> The task
I'd like the records transcribed exactly, leaving the images out.

> Recorded data
◇ ◇ ◇ ◇ ◇ ◇ ◇

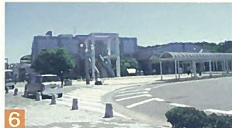
6 マリンピア日本海 西舟見町 松林の中にある建物で、形や色彩が周囲の緑や日本海にも調和しています。
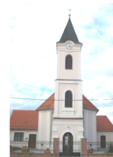
crkva sv. Matije apostola
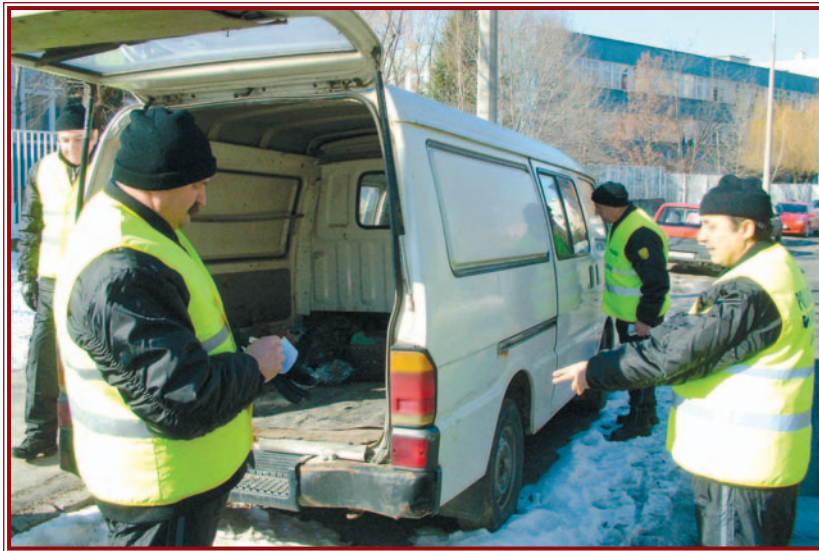
Az avasi polgárőrök az elhagyott, lerobbant autókat is ellenőrzik.
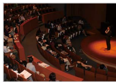
昨年の開催の様子
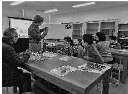
▲平成29年11月に行われた『折り紙のかがかで右脳をトレーニング』の風景。ドラゴンを折る際のコツを説明しています。

これからも子どもたちの『驚き』を大切に、子どもたちと科学の橋渡しをしていきます。
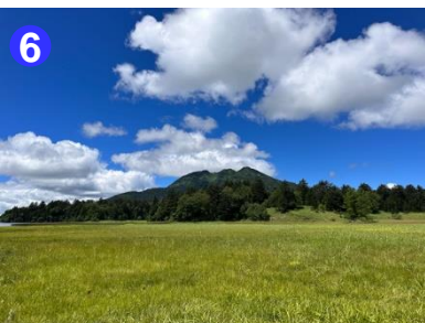
大江湿原から望む燧ヶ岳は、雄大です。北海道、東北一の標高を誇る日本百名山です。
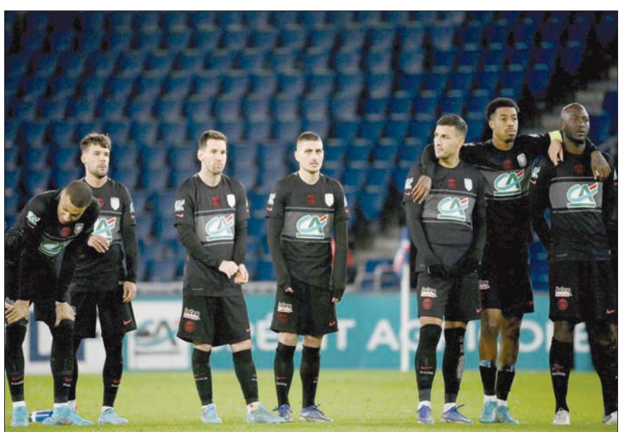
سان جيرمان والخسارة أمام نيس في مسابقة الكأس

المهدد بالإقالة لا سيما في حال عدم تخطي زبال مدريد في المسابقة القارية العريقة، على تغاؤه بقدرة فريقه على تحسين مسنواه بقوله بعد الخروج أمام نيس: «استمر برؤية الأمور بشكل إيجابي، كنا نستحق الفوز لكننا لم نحسن ترجمة الفرص الكثيرة التي تحدث لنا وافتقدنا الفاعلية أمام المرمى».
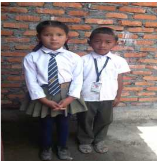
विद्यालय जाने तयारीमा बालबालिकाहरु
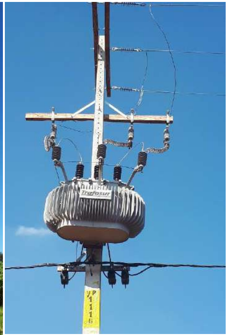
Construcción de Redes de MT, BT y Montaje de PD. Licitación Pública Nacional ANDE N° 1326/2017, Asentamiento Ypane, Dpto. Central – Lote 5 – BONOS II
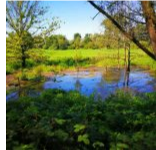
Sumpfland am Urdenbacher Altrhein

Man kann sich darüber streiten, ob das Gebiet im Süden der Stadt, das „Urdenbacher Altrhein“ heißt, überhaupt ein Wald ist. Tatsächlich handelt es sich längst des Bachs, der erst „Garather Mühlenbach“ genannt wird, um den Prototyp des Auenwaldes, der für Düsseldorf typisch ist. Und es ist das Verdienst hartnäckiger Ökologen, dass die Region nach und nach dereguliert, renaturiert und dynamisiert wurde – zuletzt vor Kurzem, als man zwei Deichdurchbrüche anlegte und damit das Überflutungsgebiet wieder voll funktionsfähig machte. Denn es ist das Land zwischen Baumberg, Garath und Urdenbach, das dafür sorgt, dass Düsseldorf bei Hochwasser nicht zu Schaden kommt. Abgesehen davon haben die Maßnahmen für eine einzigartige Vielfalt in diesem wunderschönen Naturschutzgebiet gesorgt.
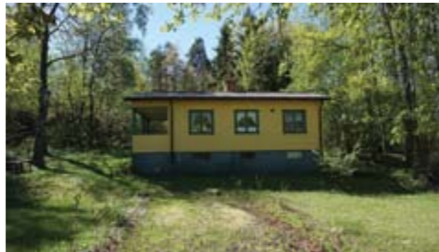
Sportstuga med den typiska stockpanelen och öppen altan, Dalen. Tomten har en långsmal form och naturmarken med många träd är till stor del bevarad (Vendelsö 3:47).
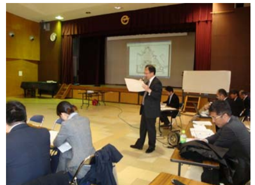
ワークショップの様子 （全体会・設計から説明）
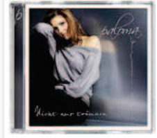
FLEISSIG Nach «Nicht nur träumen» folgt im Sommer 2011 ihr nächstes Album.
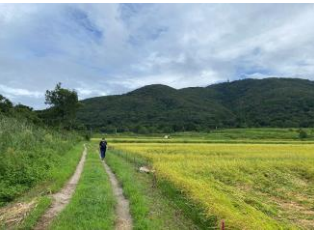
↑稲刈りが始まっていた
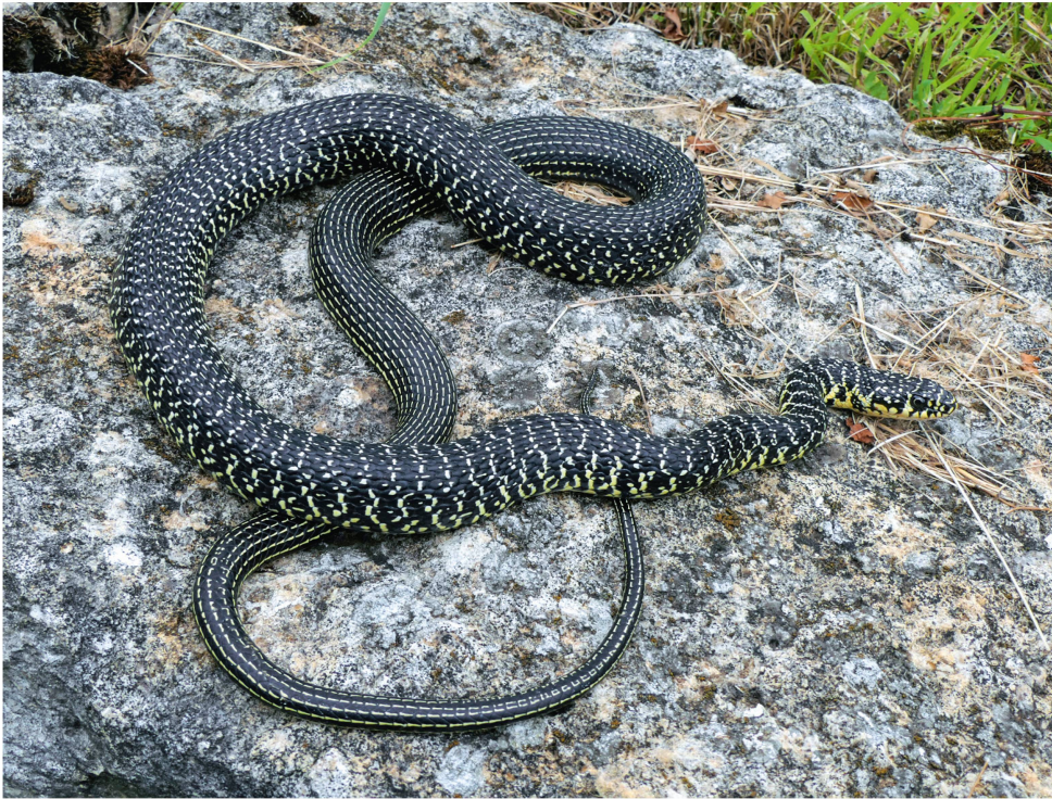
Abb. 8: Gelbgrüne Zornnatter auf einer Weinbergsmauer bei Onnens/Bonnevillars (am Neuenburger See); die eindrucksvolle Schlange war etwa 130 cm lang.
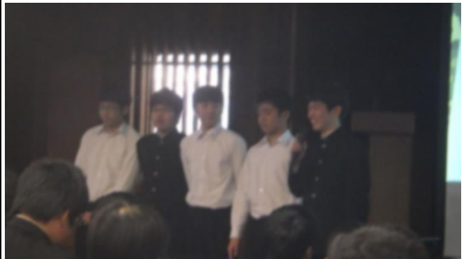
3年A 職場体験学習で学んだこと ～自衛隊編～
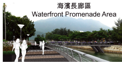
海濱長廊區 Waterfront Promenade Area
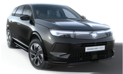
Karbon fekete (metálfényezés)
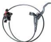
Código : 901600070 000 Desc: CONJUNTO FRENO DELANTERO TR3E
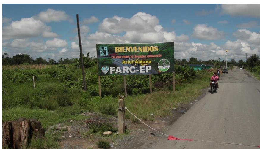
Figura 1. Fotografía de la ZV Ariel Aldana, Tumaco (Nariño) (La Direkta, 2017).

noviembre de 2017, habitaban 247 adultos y 40 niños (Oficina del Alto Comisionado para la Paz, 2018).
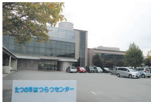
はつらつセンター

※Hib感染症及び小児の肺炎球菌感染症については、接種開始月齢により接種回数が変わります。 ※予防接種を受けに行く前に、必ず「予防接種と子どもの健康」の冊子を読みましょう。
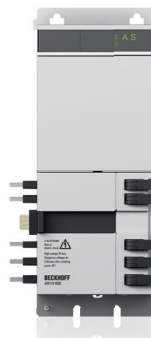
AX8118 | Achsmodul, 18 A
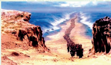
Moise împreună cu poporul său ieșind din Egipt - după 430 de ani de robie - spre libertate

cu Psalmii lui David, decât în politeismul grecesc, în care Zeus, Athena, Afrodita sunt doar personajele unor mituri de mult apuse.
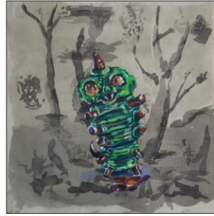
Tom Fellner Monster Drawing 139 (The Mad Caterpillar), 2020 Bleistift/Wasserfarbe/ Gouache/Tinte auf Papier 18 x 19 cm CHF 1.400 (gerahmt)
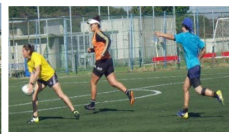
サッカーコートパスをつないで往復。常にダッシュ！
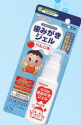
歯みがきジェル (アサヒグループ食品) 500ppm りんご/白ぶどう
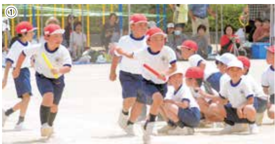
①白熱したリレーに児童も保護者も大盛り上がり ②5、6年生が魅せた力強い愛郷一心おどり ③④みんなで力を合わせて団体競技に挑みました
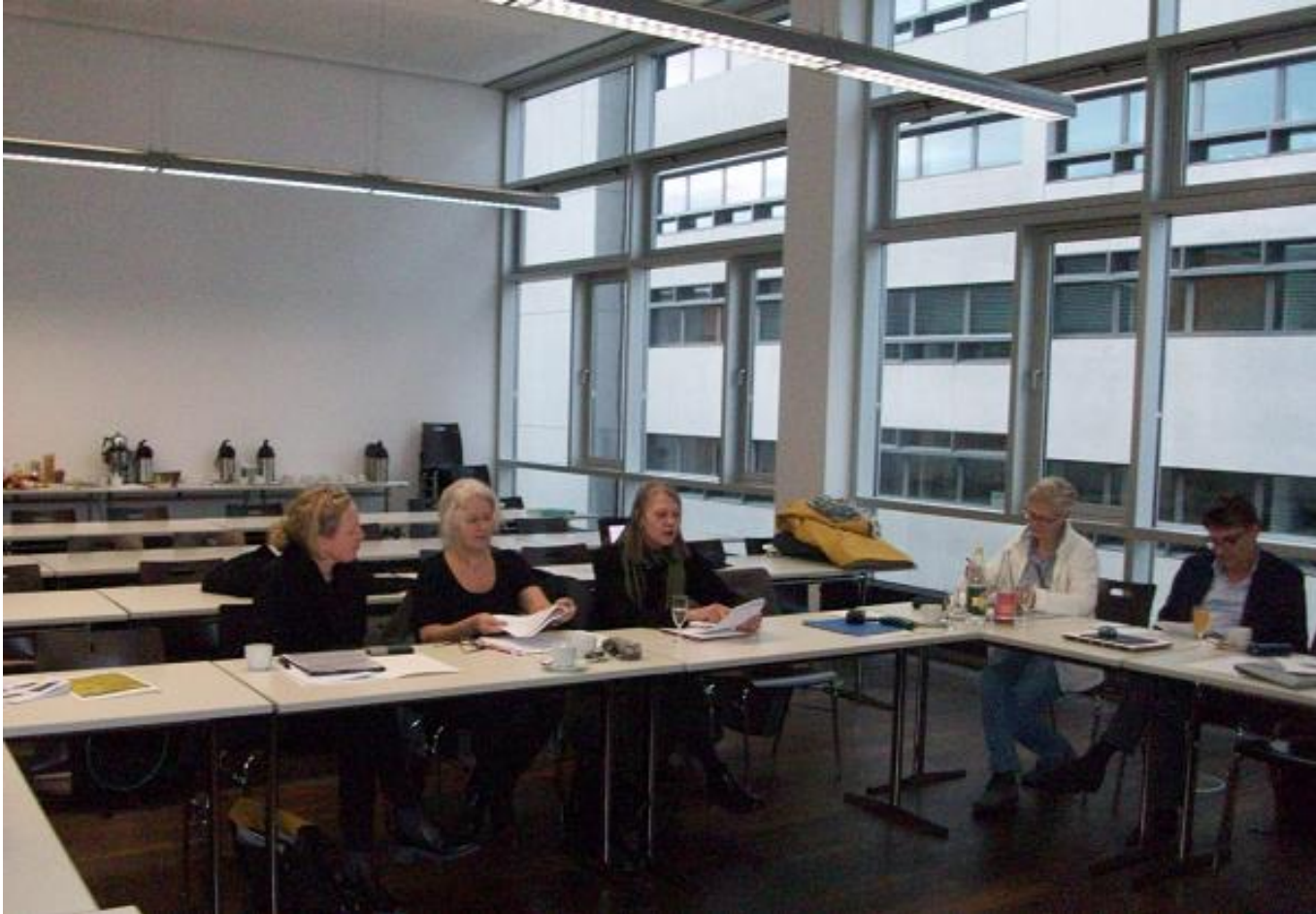
Beiräte der DGS
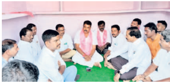
మోకన్పల్లి గ్రామంలో సమావేశంలో మాట్లాడుతున్న సర్పంచి రావు
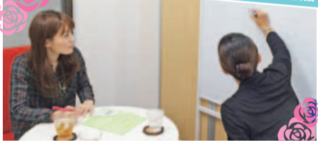
清潔感あるキレイな教室ではブース毎にバージョンで区切られ、周囲を気にせず集中できる。「テキストを使用しないフリートークのみのレッスンにも柔軟に対応してくれるのでありがたい!」[スクールを利用した分のみの明細会計なので料金体系がわかりやすい]と好評。
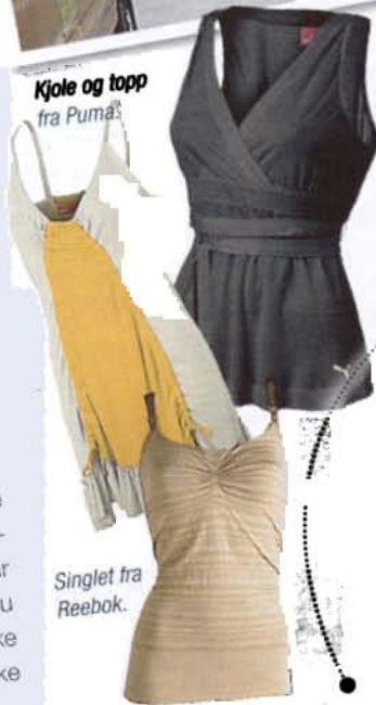
Singlet fra Reebok.
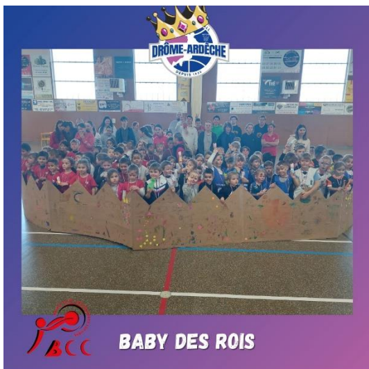
BABY DES ROIS

Ce weekend a eu lieu la traditionnelle fête des Babies des rois. 330 enfants de la catégorie U7 étaient réunis sur 5 sites, Avant Garde Tain Tournon Basket Club , US Saulce Basket , Bc Châteauneuf Sur Isère , La Voulte Sportif Basket , Basket Olympique Club Sablons-Serrières .
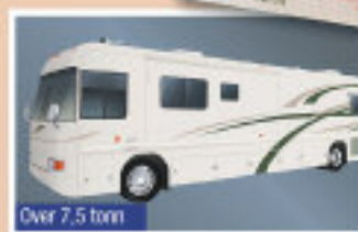
Over 7,5 tonn

«Bobilførerkortet» vil gjøre at du får mer glede av å ha bobil. Enten du velger litt påbygging på førerkortet du har i dag, eller om du ønsker å utvide det til en høyere vektklasse, - C1 eller C.
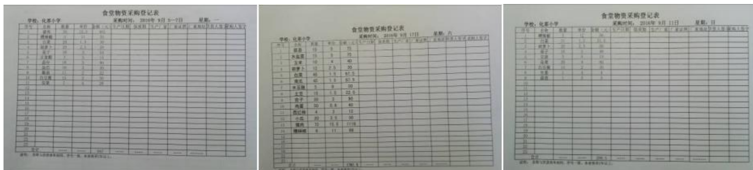
图 22 入库登记组图
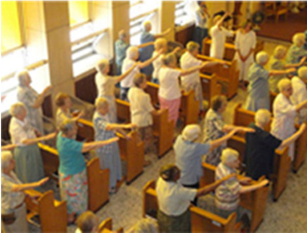
Bénédition des capitulantes par l'assemblée Blessing of the capitulants by the assembly Bendiccion de las capitulantes
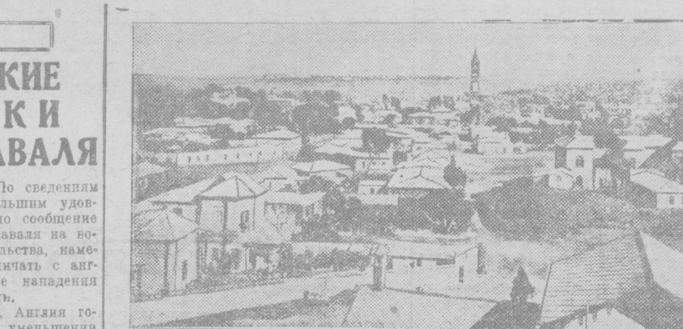
НА СНИМКЕ: г. Асмара, столица итальянской колонии Эритрея, откуда начались наступление итальянских войск с севера.

«Использовали ли итальянцы современное оборудование в бою под Уал-Уалом? Они применяли и самолеты и танки. То, что летчики могли летать над самыми передовыми линиями сейчас же после начала военных действий, не внесло никакой пользы в абиссинскую армию. Она залос, что абиссинцы воюют не бросаясь в страхе прочь при виде самолетов, хотя они никогда не видели летающих машин. Итальянцы подгадали, что самолеты произведут на абиссинцев страшное впечатление. Вместо бегства абиссинцы спокойно встречали итальянские танки, на-ходу выходявшие на них и убивая их выстрелами. В этом бою они показали исключительное бесстрашие. Только смерть может остановить движение абиссинцев...»
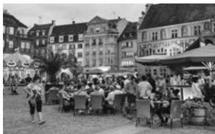
Noční Mulhouse v historické části města, před radnicí
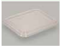
Artículo 7590FL Apto para la serie 7590 300/caja, 2400/tarima

◇ ◇ ◇ ◇ ◇ ◇ ◇

> Result of this task
6 マリンピア日本海 西舟見町 松林の中にある建物で、形や色彩が周囲の緑や日本海にも調和しています。
crkva sv. Matije apostola
Az avasi polgárőrök az elhagyott, lerobbant autókat is ellenőrzik.
昨年の開催の様子
▲平成29年11月に行われた『折り紙のかがかで右脳をトレーニング』の風景。ドラゴンを折る際のコツを説明しています。

これからも子どもたちの『驚き』を大切に、子どもたちと科学の橋渡しをしていきます。
大江湿原から望む燧ヶ岳は、雄大です。北海道、東北一の標高を誇る日本百名山です。
سان جيرمان والخسارة أمام نيس في مسابقة الكأس

المهدد بالإقالة لا سيما في حال عدم تخطي زبال مدريد في المسابقة القارية العريقة، على تغاؤه بقدرة فريقه على تحسين مسنواه بقوله بعد الخروج أمام نيس: «استمر برؤية الأمور بشكل إيجابي، كنا نستحق الفوز لكننا لم نحسن ترجمة الفرص الكثيرة التي تحدث لنا وافتقدنا الفاعلية أمام المرمى».
विद्यालय जाने तयारीमा बालबालिकाहरु
Construcción de Redes de MT, BT y Montaje de PD. Licitación Pública Nacional ANDE N° 1326/2017, Asentamiento Ypane, Dpto. Central – Lote 5 – BONOS II
Sumpfland am Urdenbacher Altrhein

Man kann sich darüber streiten, ob das Gebiet im Süden der Stadt, das „Urdenbacher Altrhein“ heißt, überhaupt ein Wald ist. Tatsächlich handelt es sich längst des Bachs, der erst „Garather Mühlenbach“ genannt wird, um den Prototyp des Auenwaldes, der für Düsseldorf typisch ist. Und es ist das Verdienst hartnäckiger Ökologen, dass die Region nach und nach dereguliert, renaturiert und dynamisiert wurde – zuletzt vor Kurzem, als man zwei Deichdurchbrüche anlegte und damit das Überflutungsgebiet wieder voll funktionsfähig machte. Denn es ist das Land zwischen Baumberg, Garath und Urdenbach, das dafür sorgt, dass Düsseldorf bei Hochwasser nicht zu Schaden kommt. Abgesehen davon haben die Maßnahmen für eine einzigartige Vielfalt in diesem wunderschönen Naturschutzgebiet gesorgt.
Sportstuga med den typiska stockpanelen och öppen altan, Dalen. Tomten har en långsmal form och naturmarken med många träd är till stor del bevarad (Vendelsö 3:47).
ワークショップの様子 （全体会・設計から説明）
FLEISSIG Nach «Nicht nur träumen» folgt im Sommer 2011 ihr nächstes Album.
↑稲刈りが始まっていた
Abb. 8: Gelbgrüne Zornnatter auf einer Weinbergsmauer bei Onnens/Bonnevillars (am Neuenburger See); die eindrucksvolle Schlange war etwa 130 cm lang.
3年A 職場体験学習で学んだこと ～自衛隊編～
海濱長廊區 Waterfront Promenade Area
Karbon fekete (metálfényezés)
Código : 901600070 000 Desc: CONJUNTO FRENO DELANTERO TR3E
Figura 1. Fotografía de la ZV Ariel Aldana, Tumaco (Nariño) (La Direkta, 2017).

noviembre de 2017, habitaban 247 adultos y 40 niños (Oficina del Alto Comisionado para la Paz, 2018).
はつらつセンター

※Hib感染症及び小児の肺炎球菌感染症については、接種開始月齢により接種回数が変わります。 ※予防接種を受けに行く前に、必ず「予防接種と子どもの健康」の冊子を読みましょう。
AX8118 | Achsmodul, 18 A
Moise împreună cu poporul său ieșind din Egipt - după 430 de ani de robie - spre libertate

cu Psalmii lui David, decât în politeismul grecesc, în care Zeus, Athena, Afrodita sunt doar personajele unor mituri de mult apuse.
Tom Fellner Monster Drawing 139 (The Mad Caterpillar), 2020 Bleistift/Wasserfarbe/ Gouache/Tinte auf Papier 18 x 19 cm CHF 1.400 (gerahmt)
サッカーコートパスをつないで往復。常にダッシュ！
歯みがきジェル (アサヒグループ食品) 500ppm りんご/白ぶどう
①白熱したリレーに児童も保護者も大盛り上がり ②5、6年生が魅せた力強い愛郷一心おどり ③④みんなで力を合わせて団体競技に挑みました
Beiräte der DGS
మోకన్పల్లి గ్రామంలో సమావేశంలో మాట్లాడుతున్న సర్పంచి రావు
清潔感あるキレイな教室ではブース毎にバージョンで区切られ、周囲を気にせず集中できる。「テキストを使用しないフリートークのみのレッスンにも柔軟に対応してくれるのでありがたい!」[スクールを利用した分のみの明細会計なので料金体系がわかりやすい]と好評。
Singlet fra Reebok.
BABY DES ROIS

Ce weekend a eu lieu la traditionnelle fête des Babies des rois. 330 enfants de la catégorie U7 étaient réunis sur 5 sites, Avant Garde Tain Tournon Basket Club , US Saulce Basket , Bc Châteauneuf Sur Isère , La Voulte Sportif Basket , Basket Olympique Club Sablons-Serrières .
Over 7,5 tonn

«Bobilførerkortet» vil gjøre at du får mer glede av å ha bobil. Enten du velger litt påbygging på førerkortet du har i dag, eller om du ønsker å utvide det til en høyere vektklasse, - C1 eller C.
图 22 入库登记组图
Bénédition des capitulantes par l'assemblée Blessing of the capitulants by the assembly Bendiccion de las capitulantes
НА СНИМКЕ: г. Асмара, столица итальянской колонии Эритрея, откуда начались наступление итальянских войск с севера.

«Использовали ли итальянцы современное оборудование в бою под Уал-Уалом? Они применяли и самолеты и танки. То, что летчики могли летать над самыми передовыми линиями сейчас же после начала военных действий, не внесло никакой пользы в абиссинскую армию. Она залос, что абиссинцы воюют не бросаясь в страхе прочь при виде самолетов, хотя они никогда не видели летающих машин. Итальянцы подгадали, что самолеты произведут на абиссинцев страшное впечатление. Вместо бегства абиссинцы спокойно встречали итальянские танки, на-ходу выходявшие на них и убивая их выстрелами. В этом бою они показали исключительное бесстрашие. Только смерть может остановить движение абиссинцев...»
Noční Mulhouse v historické části města, před radnicí
Artículo 7590FL Apto para la serie 7590 300/caja, 2400/tarima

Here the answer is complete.